__REQUIREMENT__. The material below is to be copied exactly from the line with "两个钛金属板,一面是1-12" up to and including the line with "The interior of", with nothing else kept and no pictures.

__RECORDS FOR THIS TASK__.
---------------

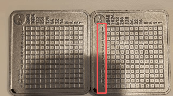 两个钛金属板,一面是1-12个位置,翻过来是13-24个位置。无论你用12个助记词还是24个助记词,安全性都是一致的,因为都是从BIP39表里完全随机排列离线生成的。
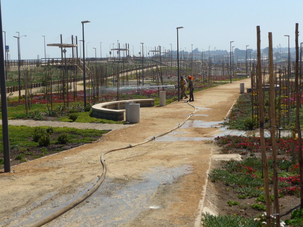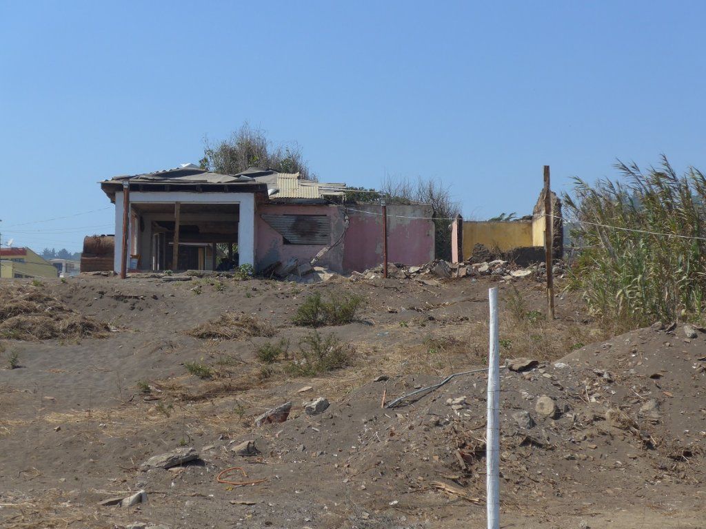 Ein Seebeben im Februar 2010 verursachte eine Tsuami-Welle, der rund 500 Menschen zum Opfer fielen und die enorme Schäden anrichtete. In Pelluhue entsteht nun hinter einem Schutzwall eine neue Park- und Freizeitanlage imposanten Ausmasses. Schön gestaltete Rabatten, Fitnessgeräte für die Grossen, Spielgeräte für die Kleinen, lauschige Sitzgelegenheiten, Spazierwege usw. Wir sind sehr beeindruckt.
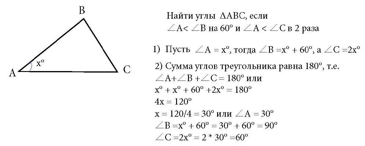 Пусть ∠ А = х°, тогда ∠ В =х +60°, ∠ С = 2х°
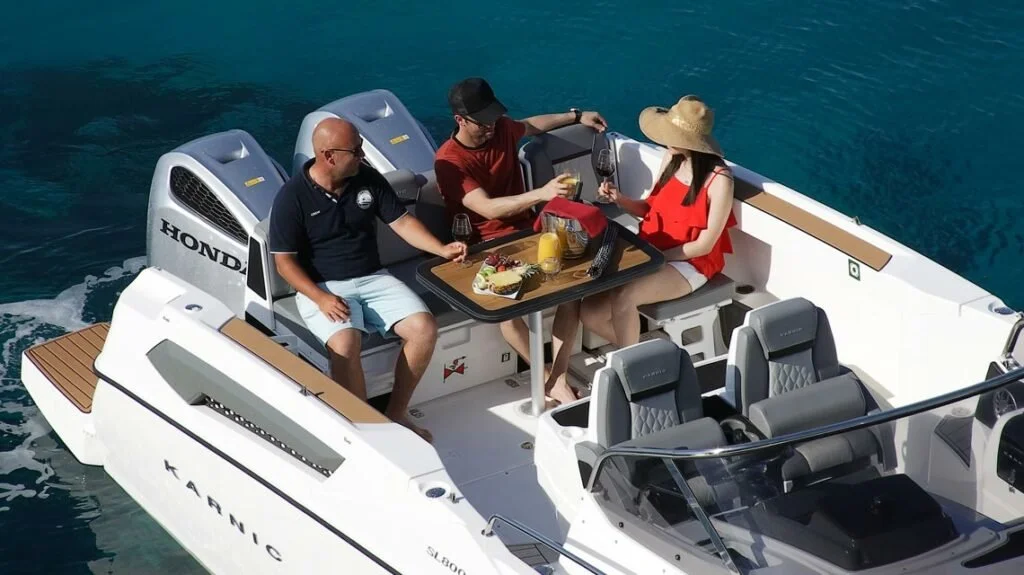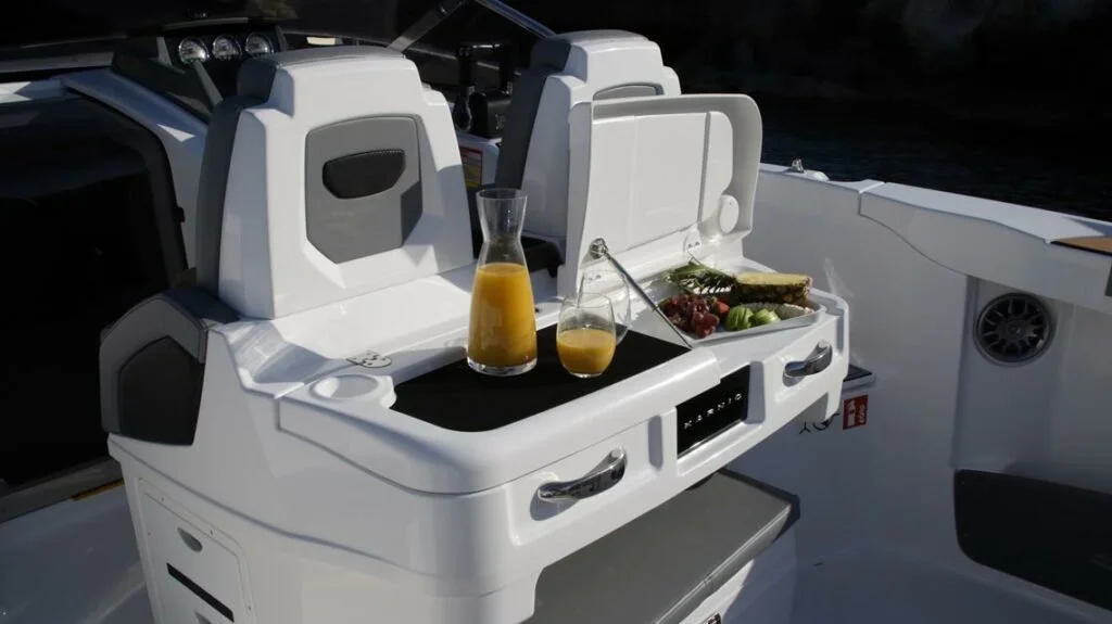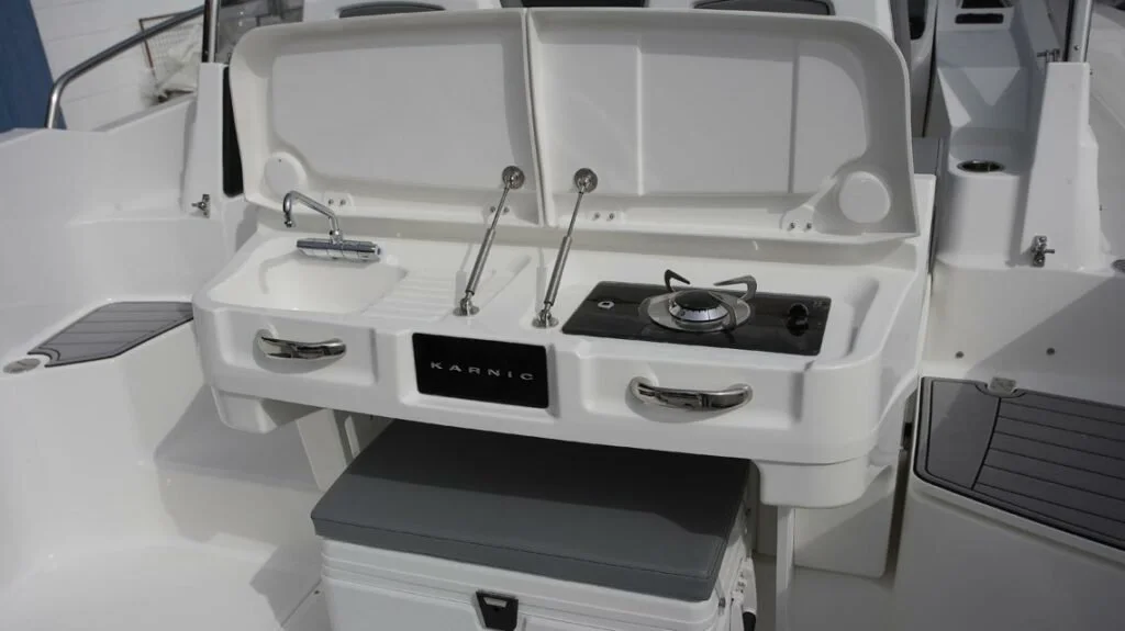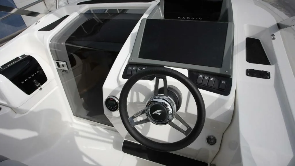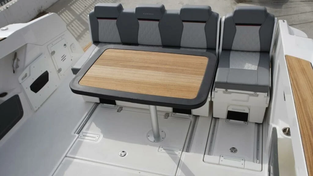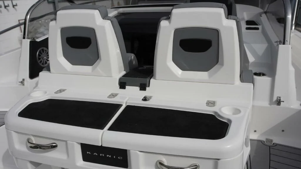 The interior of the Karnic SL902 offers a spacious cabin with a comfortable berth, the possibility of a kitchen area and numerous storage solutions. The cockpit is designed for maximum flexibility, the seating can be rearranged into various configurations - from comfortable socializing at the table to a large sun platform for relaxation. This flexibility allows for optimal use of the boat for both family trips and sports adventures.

---------------

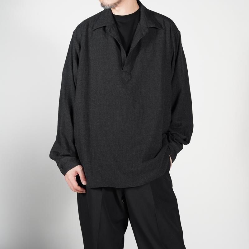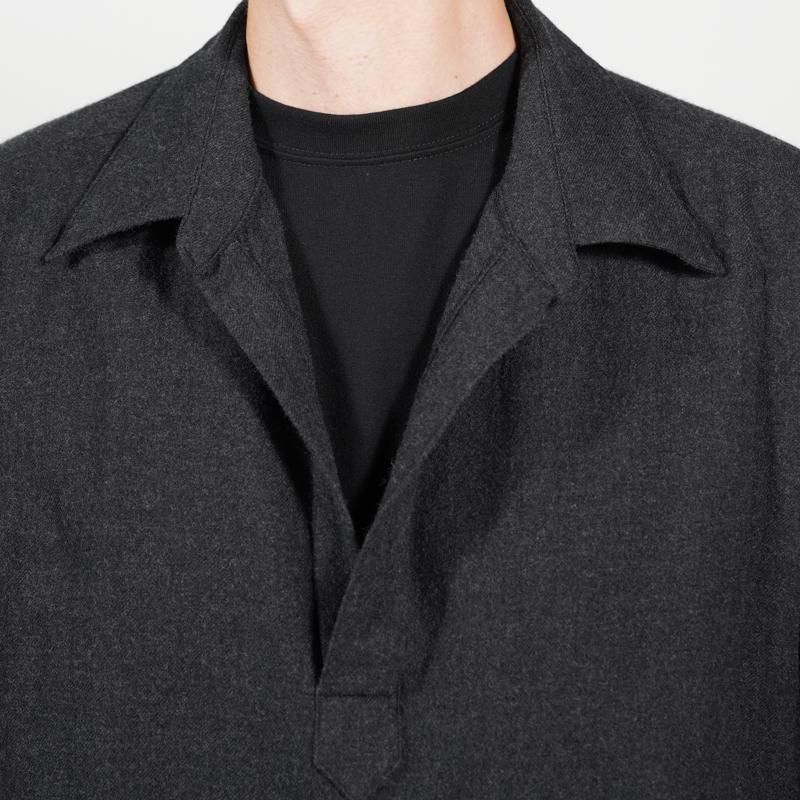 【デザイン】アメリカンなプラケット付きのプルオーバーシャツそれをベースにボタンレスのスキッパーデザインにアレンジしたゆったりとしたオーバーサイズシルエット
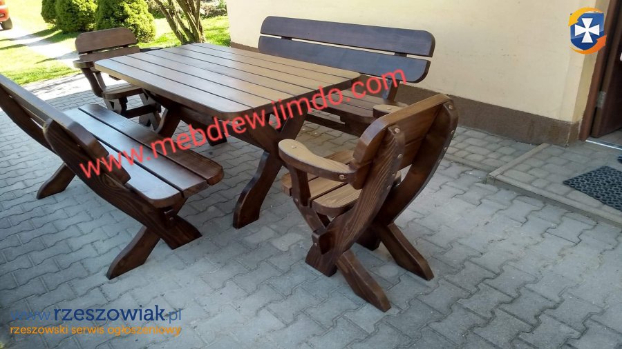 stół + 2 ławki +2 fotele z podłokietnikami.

---------------

__RESPONSE TO THIS TASK__.
 两个钛金属板,一面是1-12个位置,翻过来是13-24个位置。无论你用12个助记词还是24个助记词,安全性都是一致的,因为都是从BIP39表里完全随机排列离线生成的。
 Ein Seebeben im Februar 2010 verursachte eine Tsuami-Welle, der rund 500 Menschen zum Opfer fielen und die enorme Schäden anrichtete. In Pelluhue entsteht nun hinter einem Schutzwall eine neue Park- und Freizeitanlage imposanten Ausmasses. Schön gestaltete Rabatten, Fitnessgeräte für die Grossen, Spielgeräte für die Kleinen, lauschige Sitzgelegenheiten, Spazierwege usw. Wir sind sehr beeindruckt.
 Пусть ∠ А = х°, тогда ∠ В =х +60°, ∠ С = 2х°
 The interior of the Karnic SL902 offers a spacious cabin with a comfortable berth, the possibility of a kitchen area and numerous storage solutions. The cockpit is designed for maximum flexibility, the seating can be rearranged into various configurations - from comfortable socializing at the table to a large sun platform for relaxation. This flexibility allows for optimal use of the boat for both family trips and sports adventures.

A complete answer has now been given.